#### DATASET SECTION

========================================================================

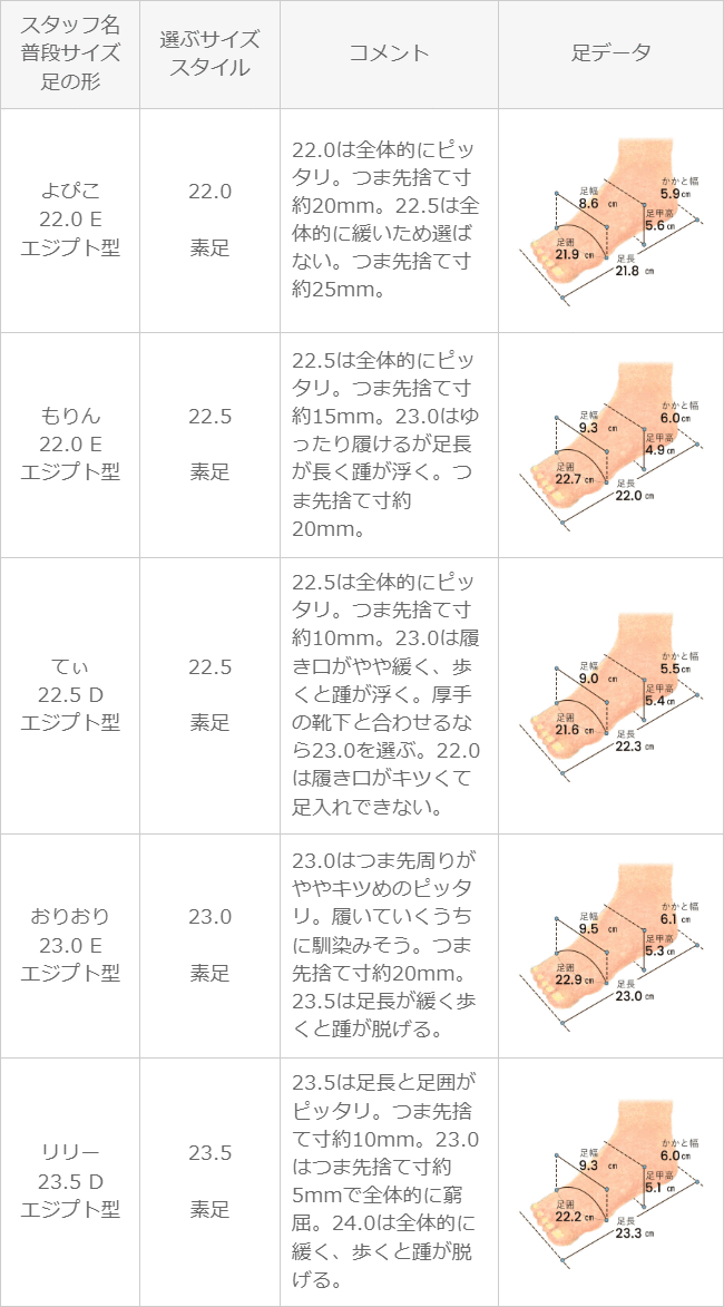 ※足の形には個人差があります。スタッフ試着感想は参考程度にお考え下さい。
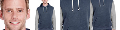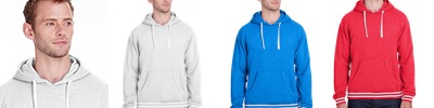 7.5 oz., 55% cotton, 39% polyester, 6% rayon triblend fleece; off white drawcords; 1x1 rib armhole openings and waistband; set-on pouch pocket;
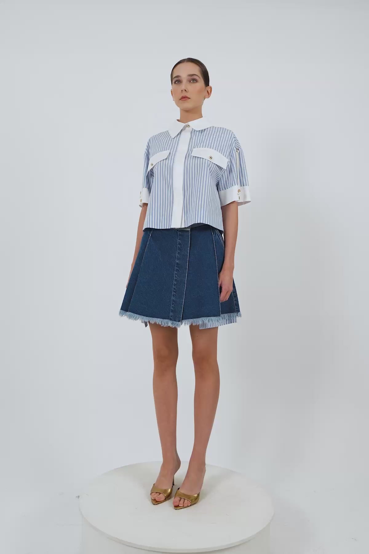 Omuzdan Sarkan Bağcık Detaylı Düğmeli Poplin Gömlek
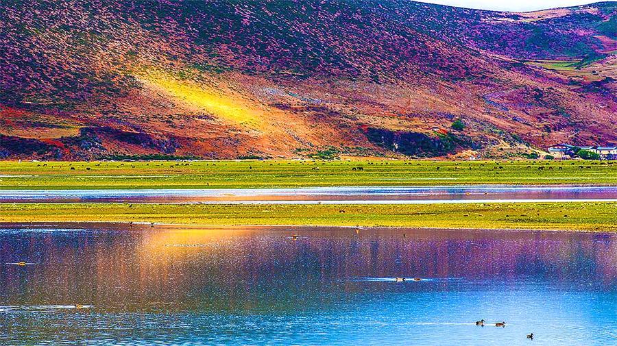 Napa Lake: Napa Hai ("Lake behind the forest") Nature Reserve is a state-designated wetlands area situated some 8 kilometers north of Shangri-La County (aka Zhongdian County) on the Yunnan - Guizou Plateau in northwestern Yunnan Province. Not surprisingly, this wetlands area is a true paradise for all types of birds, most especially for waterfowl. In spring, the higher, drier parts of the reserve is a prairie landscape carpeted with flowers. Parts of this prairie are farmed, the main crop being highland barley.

========================================================================

#### WHAT TO WORK ON
Word for word and without any pictures, return all of the lines above.

#### COMPLETED EXERCISE
 ※足の形には個人差があります。スタッフ試着感想は参考程度にお考え下さい。
 7.5 oz., 55% cotton, 39% polyester, 6% rayon triblend fleece; off white drawcords; 1x1 rib armhole openings and waistband; set-on pouch pocket;
 Omuzdan Sarkan Bağcık Detaylı Düğmeli Poplin Gömlek
 Napa Lake: Napa Hai ("Lake behind the forest") Nature Reserve is a state-designated wetlands area situated some 8 kilometers north of Shangri-La County (aka Zhongdian County) on the Yunnan - Guizou Plateau in northwestern Yunnan Province. Not surprisingly, this wetlands area is a true paradise for all types of birds, most especially for waterfowl. In spring, the higher, drier parts of the reserve is a prairie landscape carpeted with flowers. Parts of this prairie are farmed, the main crop being highland barley.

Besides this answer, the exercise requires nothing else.